Purely as a hypothetical:

Direct path reads may be overlapping and non-blocking,
so there is never any time spent waiting for a read buffer
to be filled.

Enabling the level 12 trace may interfere with Oracle's
I/O strategy - either making it impossible to dispatch
non-blocking reads, or causing file-system/hardware
delay that interferes with the non-blocking reads - with
the result that enabling the trace causes lots of lost time
on I/O.

On another note, enabling tracing at this level on 10.2
also enables _rowsource_execution_statistics, and that
can add a massive CPU overhead to certain classes of
query (though 3 minutes to 12 hours not likely)


Regards

Jonathan Lewis
http://www.oracle.com/technology/community/oracle_ace/ace1.html#lewis

The Co-operative Oracle Users' FAQ
http://www.jlcomp.demon.co.uk/faq/ind_faq.html

Cost Based Oracle: Fundamentals
http://www.jlcomp.demon.co.uk/cbo_book/ind_book.html


----- Original Message ----- From: <ryan_gaffuri@xxxxxxxxxxx>
To: <oracle-l@xxxxxxxxxxxxx>
Sent: Tuesday, August 22, 2006 6:09 PM
Subject: 10046 trace producing a new wait that is not normally there



We have an update statement that runs in 3 minutes with no trace or a level 1 trace, but ran for 2 hours and we killed it with a level 12 trace.

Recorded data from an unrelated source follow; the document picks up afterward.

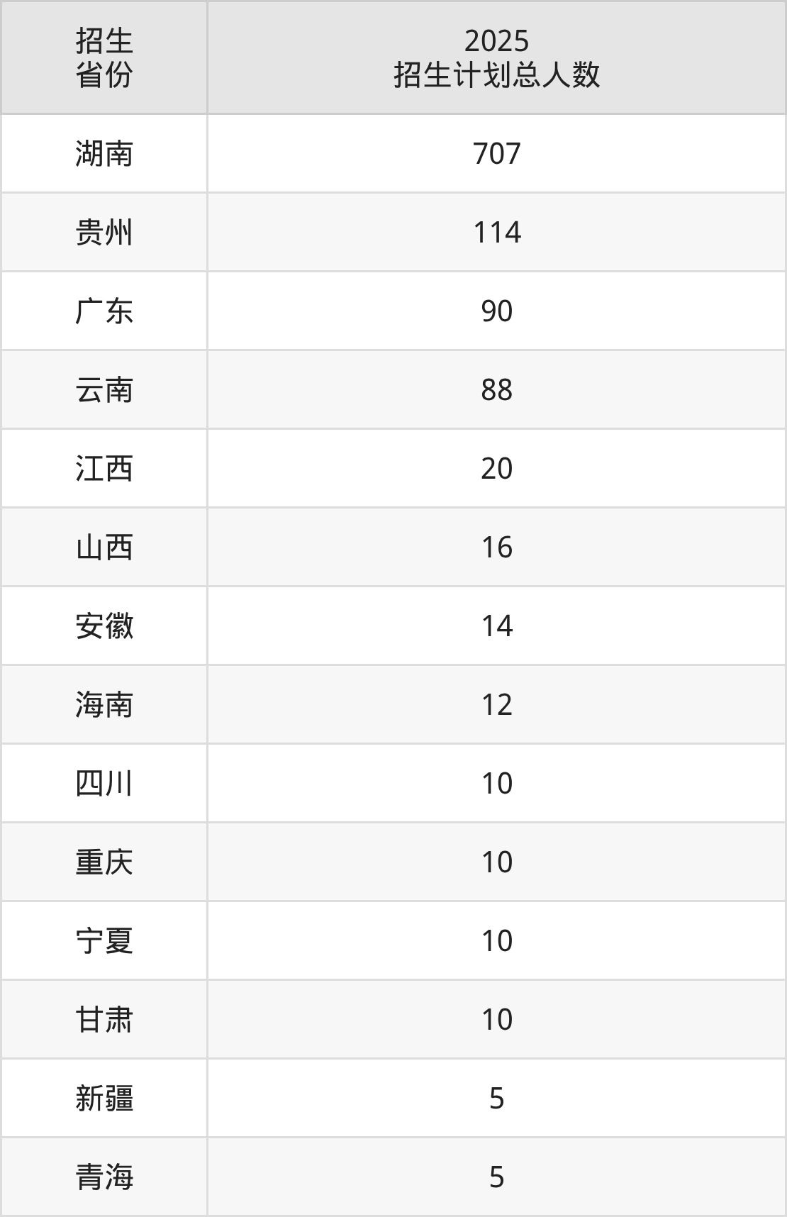 2025年湖南九嶷职业技术学院面向全国14个省市开展专科招生;招生专业共14个,招生人数共1111人。2025年在湖南省招生计划总人数是707人,其中,湖南九嶷职业技术学院在湖南省招生人数最多的是机电一体化技术。湖南九嶷职业技术学院在各省具体招生人数情况如下表。
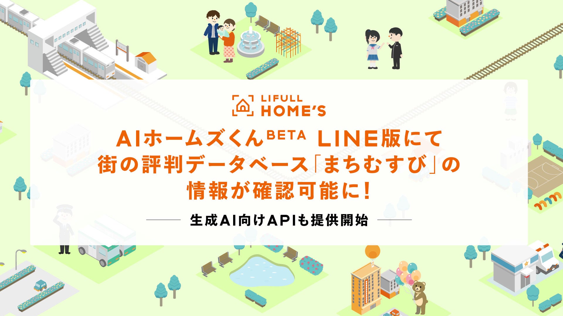 株式会社LIFULLは、住宅情報サービス「LIFULL HOME'S」の「AIホームズくんBETA LINE版」に、街の評判データベース「まちむすび」の情報を追加しました。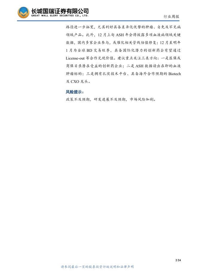 长城国瑞证券:医药生物行业双周报2025年第24期总第147期:ASH数据催化临近,关注血液病与商保目录受益标的.pdf

we got 20,000 'direct path read temp ' waits, but ONLY with a level 12 trace and ONLY on this update. We have not tested it in multiple environments. This is on 10.2 on solaris.

We didn't see this wait in v$active_session_history when we do not have a level 12 trace going. I did not see anything about this on metalink. Does this strike you as one of those bugs where its one thing in one version in one environment, etc...? I have gotten those occasionally?


10.3.5 direct path read and direct path read temp
When a session is reading buffers from disk directly into the PGA (opposed to the buffer cache in SGA), it waits on this event. If the I/O subsystem does not support asynchronous I/Os, then each wait corresponds to a physical read request.
If the I/O subsystem supports asynchronous I/O, then the process is able to overlap issuing read requests with processing the blocks already existing in the PGA. When the process attempts to access a block in the PGA that has not yet been read from disk, it then issues a wait call and updates the statistics for this event. Hence, the number of waits is not necessarily the same as the number of read requests (unlike db file scattered read and db file sequential read).